The invention relates to a method for synthesizing a 1,2, 4-thiadiazole derivative, and belongs to the technical field of chemical preparation. The phenylacetic acid compound and benzamidine hydrochloride compound are taken according to the mass ratio of 1-2: 1 is dissolved in an organic solvent, a catalyst, an oxidant and an alkaline medium are added, and the mixture is stirred for 18 to 24 hours at the temperature of between 130 and 140 ℃ to react to obtain the 1,2, 4-thiadiazole derivative. Cooling, extracting, drying, decompressing, evaporating to remove solvent and performing column chromatography to obtain a pure product. The method for synthesizing the thiadiazole has the following beneficial effects: (1) The reaction condition is milder, the product selectivity is high, and the substrate expansion range is wide. (2) The raw materials used are low in price, low in cost, simple in reaction operation, safe and convenient.
Description
Technical Field
The invention relates to the field of organic synthesis, in particular to a method for synthesizing a 1,2, 4-thiadiazole derivative.
Background
Thiadiazole compounds belong to nitrogen heterocyclic compounds, are five-membered nitrogen heterocyclic compounds, contain two nitrogen atoms and one sulfur atom, and have various material functions and medical values. In fact, 1,3, 4-thiadiazoles having a symmetrical structure are the most used in industrial production and pharmaceutical treatment, and there is relatively little research on 1,2, 4-thiadiazoles, which are also widely pharmacologically active and industrially valuable as isomers of 1,3, 4-thiadiazoles having an asymmetric five-membered ring structure.

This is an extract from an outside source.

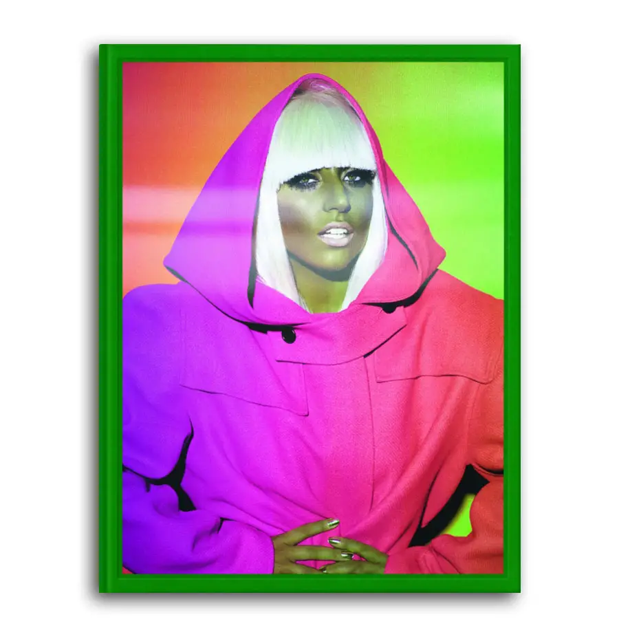 Tapa dura en una caja de plástico inyectado en molde con un retrato holográfico de Lady Gaga en la cubierta.

As early as 1968, haruki Eiichi et al synthesized 3, 5-diphenyl-1, 2, 4-thiadiazole from N-chlorobenzamidine and phenylthioamide, but this method had the disadvantage that the substrate had to be synthesized in advance. (Bulletin of the Chemical Society of Japan 1968 41:6, 1361-1367)
In recent years, there have been many reports on methods for synthesizing 1,2, 4-thiadiazole derivatives: for example, the Xu group uses thioamides and aliphatic nitriles as raw materials, and elemental iodine as an oxidant to obtain 1,2, 4-thiadiazole by intramolecular oxidative coupling, with moderate to good yields (org. Biomol. Chem.,2017,15,8410-8417). However, this method has a disadvantage of complicated operation. The method is characterized in that the method takes benzyl bromide, benzamidine hydrochloride and elemental sulfur as initial raw materials and lithium tert-butoxide as auxiliary alkali to synthesize the asymmetric 1,2, 4-thiadiazole. This reaction is very versatile, but the use of lithium t-butoxide is at risk (Tetrahedron Letters,2017, 58 (26), 2571-2573).

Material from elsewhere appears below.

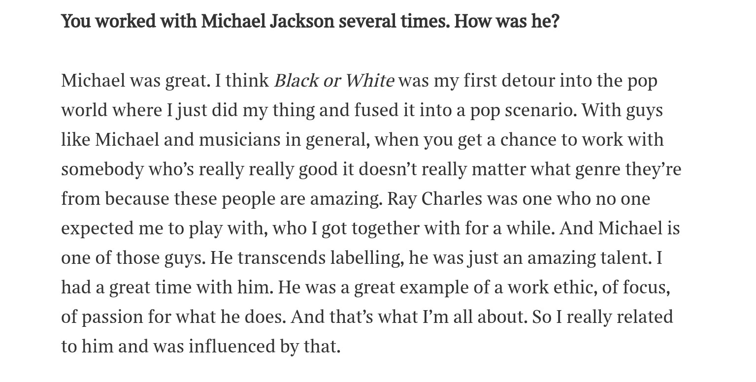 他享受并珍惜每一次在舞台上如此互动的瞬间,因为他能真切地感受到,尽管这个叫做Michael Jackson的人和自己有太多不同,但他身上又偏偏有着和自己同样的激情与能量--那种感觉很难定义,或是气场相投,或是惺惺相惜,或者随便怎么形容--而他对这样的“相同”感到兴奋。

Although there are many reports about the synthesis of 1,2, 4-thiadiazole at present, the above methods have some defects, and require expensive substrate raw materials, so that the reaction steps are complicated, the conditions are severe, the yield is low, the post-treatment is difficult, toxic solvents are used, and the high price, the strong toxicity and the dependence on the highly toxic solvents limit the industrial application of the method in many fields.
Disclosure of Invention
The invention aims to provide a method for synthesizing a 1,2, 4-thiadiazole derivative, which provides more choices for industrial production thereof. The method has the advantages of cheap and easily available initial raw materials and wide substrate applicability.
The technical scheme adopted by the invention is as follows: the method comprises the following specific steps: the phenylacetic acid compound and benzamidine hydrochloride compound are taken according to the mass ratio of 1-2: 1 is dissolved in an organic solvent, a catalyst, an oxidant and an alkaline medium are added, and the mixture is stirred for 18 to 24 hours at the temperature of between 130 and 140 ℃ to react to obtain the 1,2, 4-thiadiazole derivative.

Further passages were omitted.